The drift of opener “Cave vs Nest” somehow manages to focus the mind, drawing the ear into the middle distance as if we were aboard an aeroplane headed to unknown places, but with the sun reflecting on the wing, assuring you all is well and also lending a sense of freedom. The welcome addition of other textures, sometimes unexpected but always justified, allows the eleven minutes or so to pass rapidly and with enough variation.
Where the opener feels skybound, the tones on “Swelling Forms Of Domes” are much deeper and have more of a subterranean lean, with the bells adding that cavernous sense of natural vaulted ceilings stretching into darkness. Itis somehow more dramatic, with an air of tension in the slight discord.

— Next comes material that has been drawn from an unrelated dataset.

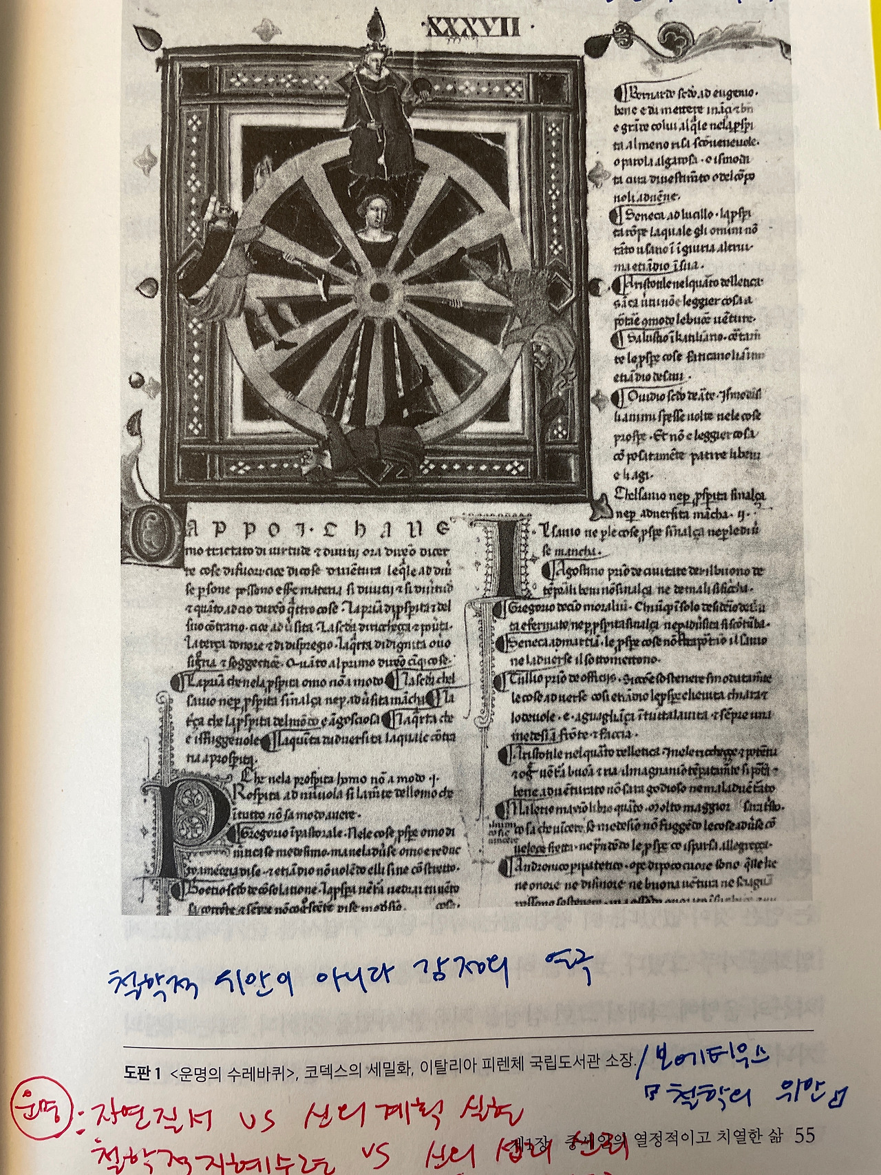 열정적이고 난폭한데 눈물을 자주 흘리는 경향이 있었던 중세 사람들의 성향. 어쩌면 툭하면 우는 나 같은 사람에겐 이런 정서적인 부분에선 중세 사람들에게 깊은 공감을 느끼지 않을까 하는 생각도 들었다. 혜진쌤의 특별한 과외(?) 덕분에 어렵게만 느껴졌던 책이 하나씩 베일이 벗겨지는 기분이 들었다. <운명의 수레바퀴>에 대해선 고대와 중세인들은 전혀 다른 각각의 해석이 있었다고 한다. 뭐 이것도 후에 생긴 역사적 편견이라 해도 서로 다른 방식으로 세상을 바라보고 그럼에도 역사가 이어져 왔다는 사실이 그저 신기하고 놀랍다.

The incredibly slow sense of movement is ever reaching for the darker recesses, angled downwards towards the bowels of the earth. The moment of arrival is an exquisite shock of scattered textures that are so surprising, it causes a re-evaluation.The album comes to a halt with a track which is laced with a modular synth sound that somehow affects the humanity of the piece. It feels less natural, with some of the tones so low that you can feel the vibration inside; but this is where the players are doing some solo exploration — so perhaps after all that came before, legs needed stretching in a different way.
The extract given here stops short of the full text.